Did you know that Traeger created the original wood-pellet grill? The Pro Series 22 is the one most people choose because it’s compact, yet has plenty of space for cooking. You can use any type of wood pellets you like. See the Traeger Series 22 Grill on Amazon.

Why Is Meatloaf Good on the Smoker?

Sliced meatloaf

Smoking meatloaf is a game-changer. It takes a classic comfort food and turns it into a smoky, savory masterpiece. Here are a few reasons why smoked meatloaf is so good:

  • Flavor: Smoking meatloaf infuses it with a rich, smoky flavor that you just can’t get from baking it in the oven. The smoke adds depth and complexity to the dish that elevates it to a whole new level.
  • Tenderness: When you smoke meatloaf, it cooks slowly and evenly, which helps to keep it moist and tender. The low and slow cooking method allows the flavors to develop fully and the meat to become incredibly tender and juicy.
  • Versatility: Smoked meatloaf is incredibly versatile. You can use any ground meat you like, from beef and pork to turkey and chicken. You can also add in a variety of different seasonings, vegetables, and cheeses to customize the flavor to your liking.

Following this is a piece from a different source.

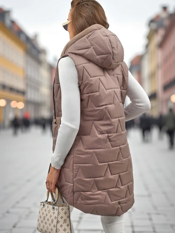 Pikowana długa kamizelka damska z kapturem Echo Shard
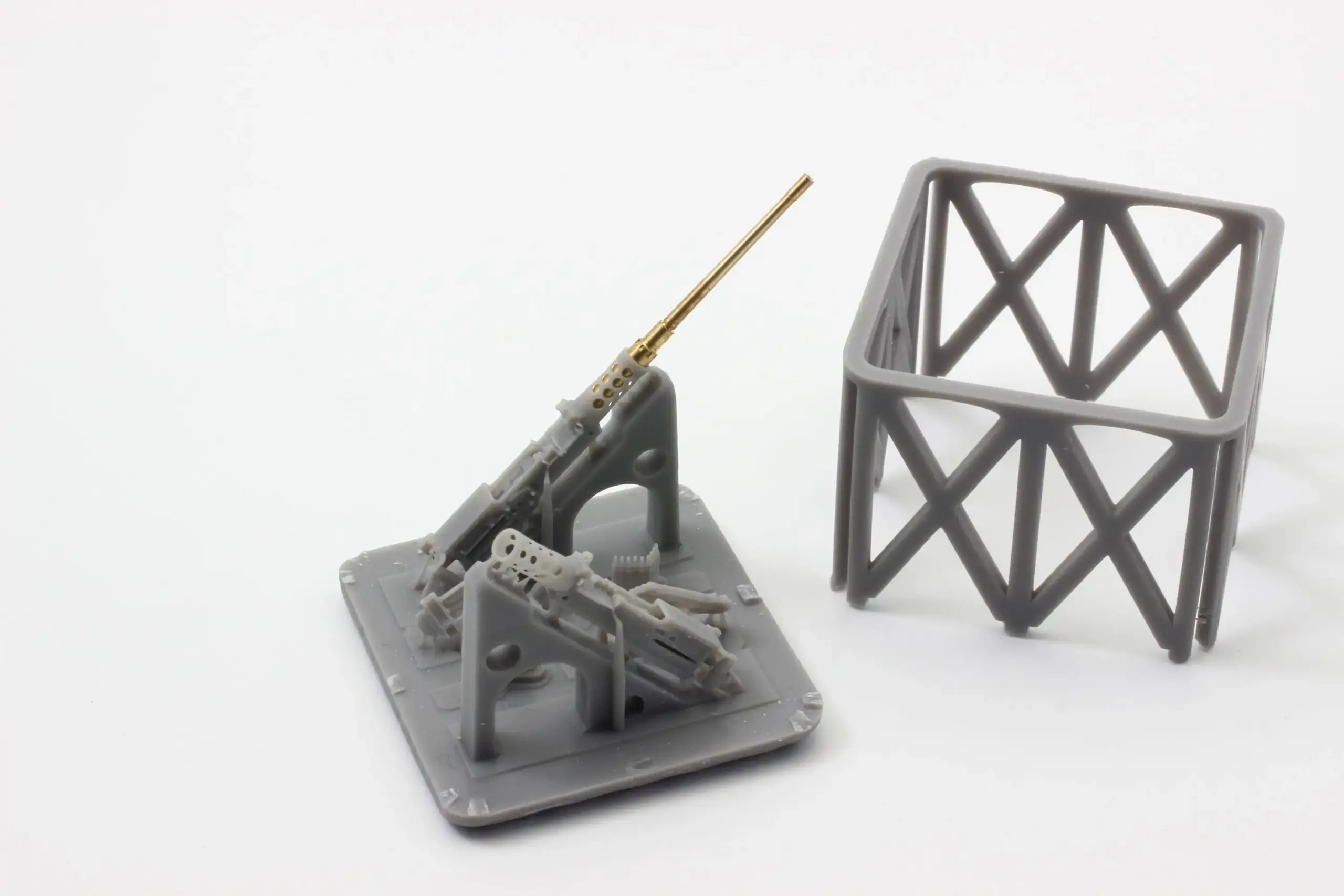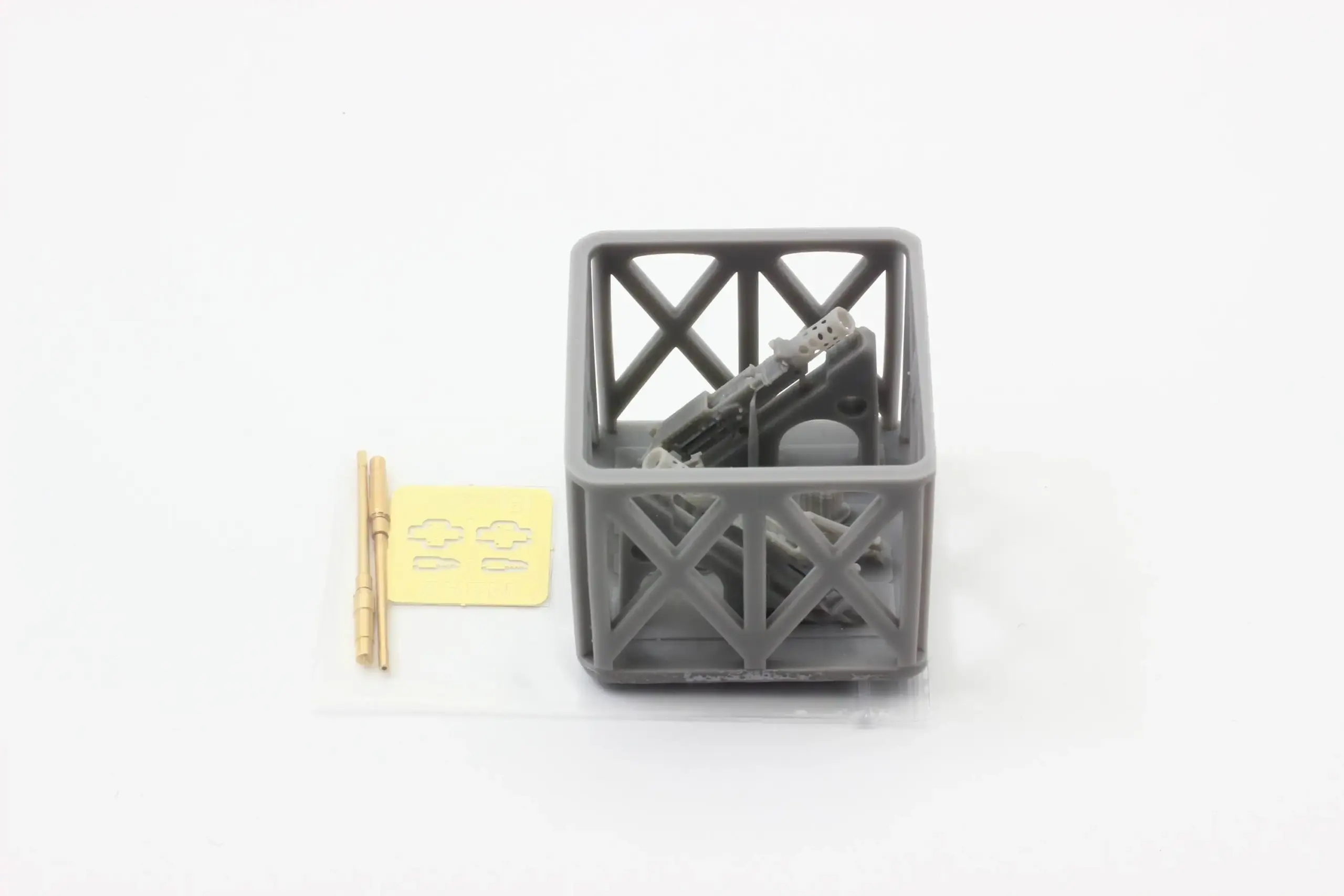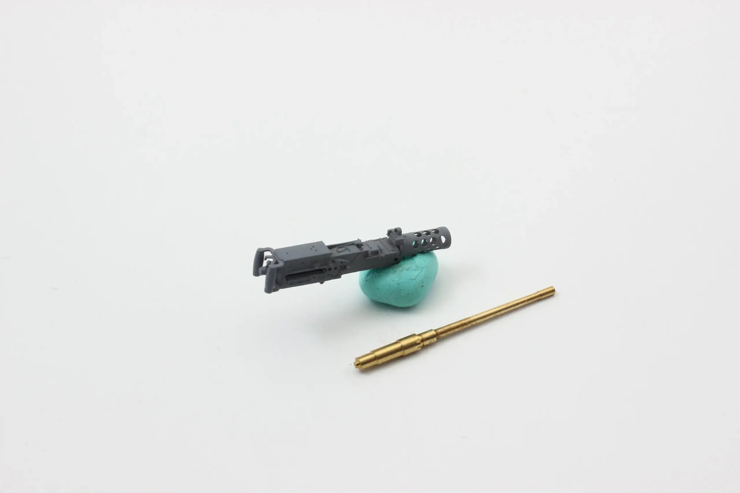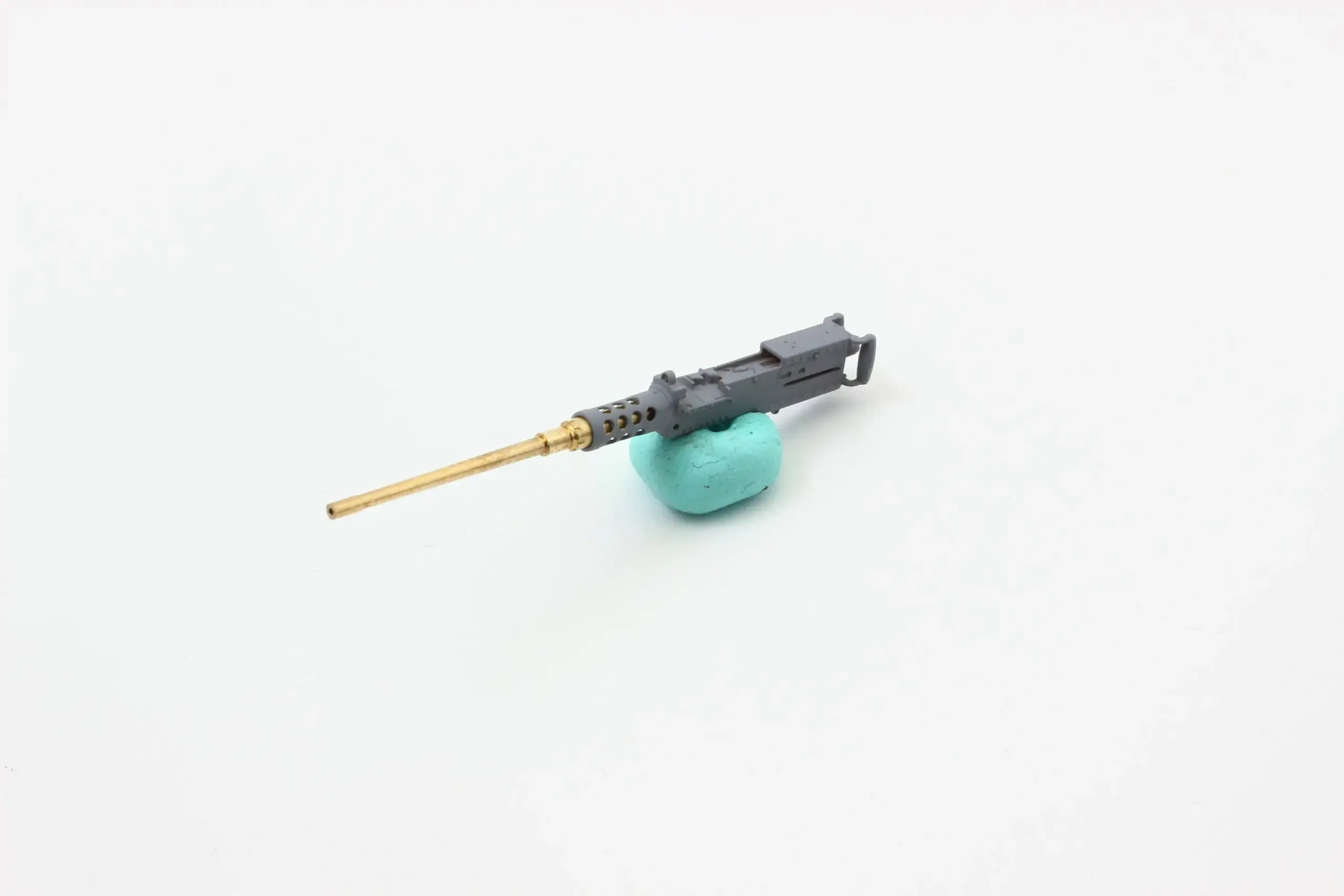 Discover a highly detailed 1:35 scale plastic model kit of the M2HB machine gun, designed for adult collectors and enthusiasts. Featuring intricate craftsmanship, the model showcases a realistic gray finish with finely detailed components. The elongated barrel is accentuated with a striking metallic gold appearance, providing a bold contrast. The model is mounted on a detailed rectangular base, including supporting structural elements, and comes with an additional gray lattice-like piece resembling a protective cage or turret. Perfect for adding a realistic military touch to your collection, this replica captures the robust and technical aesthetic of the iconic weapon with precise detailing.

Overall, smoking meatloaf is a fun and delicious way to switch up your usual dinner routine. Whether you’re a seasoned pitmaster or a beginner, this recipe is sure to impress. So get ready to enjoy the best meatloaf you’ve ever tasted!

Ingredients Needed

Ingredients for smoked meatloaf.
  • Ground Beef – We recommend using a fattier blend of ground beef like 80/20 to prevent a dry meatloaf.
  • Onion – If you want to add onions to your meatloaf, you want to be sure to dice them very small so they blend in and add flavor, not texture. I like to use sweet onions, but you can use white or yellow too.
  • Breadcrumbs – These help bind the meatloaf together. Feel free to use any brand of breadcrumbs that you prefer. I use plain. To add extra flavor, you can use Italian breadcrumbs.
  • Garlic – Fresh minced garlic will taste best, but garlic powder can be used as well. 
  • Tomato Paste – Adds a lovely tomato flavor to the meatloaf that brightens the taste.
  • Worcestershire Sauce – Bring a lot of umami to the meatloaf.
  • Egg – Acts as a binding agent for the loaf. If you’re allergic to eggs, you can leave it out.
  • Salt & Ground Black Pepper – Bring out the other flavors in the meatloaf. Adjust seasoning to fit your tastes.
  • BBQ Sauce – Use your favorite BBQ sauce or try our smoky bourbon BBQ sauce. 

Equipment Needed

How To Make The Best Smoked Meatloaf Recipe

Start by preheating the smoker to 250° F.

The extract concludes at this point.